Your reading patterns sound familiar to me — reading critically but not in the negative sense, rather in the sense of thinking about it as I go along, consider how the author creates certain effects, etc. I find that I tend to enjoy most things I read, which is a fun way to read, I think!

I don’t really read much experimental fiction, but I would like to give it a try. Lately I have been curious when reading other reader’s reviews of books when they mention holes in the plot or one-dimensional characters, etc. I don’t know that I always pick up on these things (probably I am going for the story and not looking for these sorts of things?). I want to be more thoughtful (not sure for me that critical is the word that would work, but certainly more aware) in books such as classics or award winning novels–I want to know more why it works (why it has won awards or why it has lasted so long as a book to be taught). Like you I think some novels do have modest aims (I like how you phrase that), and don’t demand to be picked apart, so I go more with gut feeling (whether I enjoyed the story basically). Thanks for posting on this–I like to know how others approach what they read!
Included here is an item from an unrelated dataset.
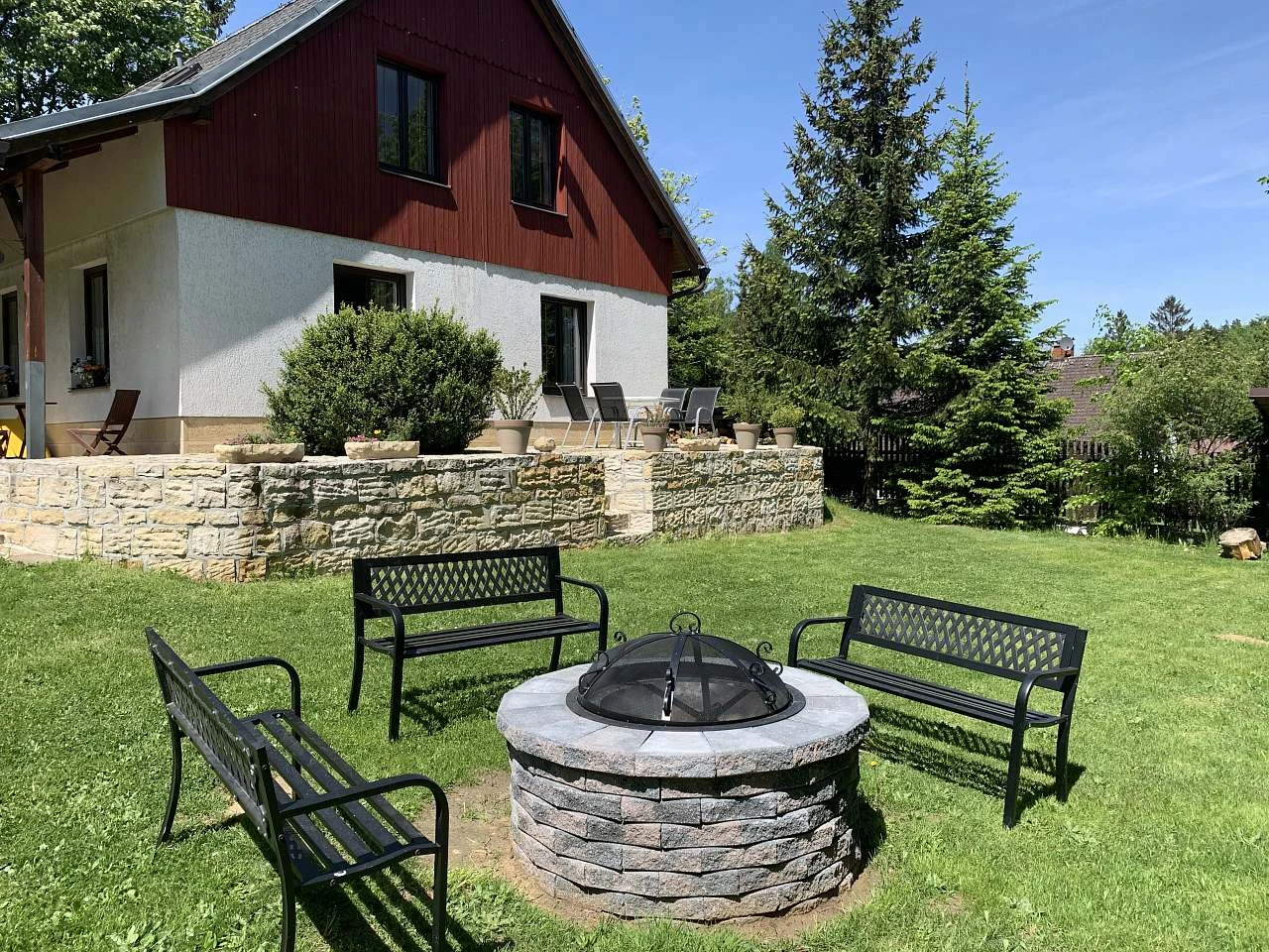 Každá jednotka má vlastní venkovní posezení. Na zahradě je k dispozici klasické ohniště, zděné ohniště s grilem a další zděné ohniště u domečku. Pokud si hosté pronajmou oba apartmány současně, je možné na jejich žádost uzavřít studio, aby měli celý dům pro sebe. Uzavření se netýká domečku.
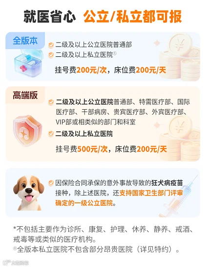 二级及以上公立/ 私立普通部随便去,门诊住院0免赔;

Dorothy that’s exactly how I look at it. I can’t imagine how dour a reader would have to be to go *looking* for errors in a book. I tend to enjoy most of the books I try too. Sometimes it makes me wonder whether I’m really reading critically at all. 😀

Danielle well I just finished The Italian and it has its share of one-dimensional characters so maybe I’ll be able to expound a bit on what I think that means when I write my review. Like I said to Dorothy I tend to relish most of the books I read, so I rarely come across these things. And yes some of my reads aren’t meant to stand up to critical scrutiny and I pretty much go on whether I liked it or not.

You’re welcome! I liked the question.

I can empathise with you over reading speed – I don’t seem to have any time to read anything just now! Thankfully tomorrow is my day off. I sense a good few hours uninterrupted reading ahead!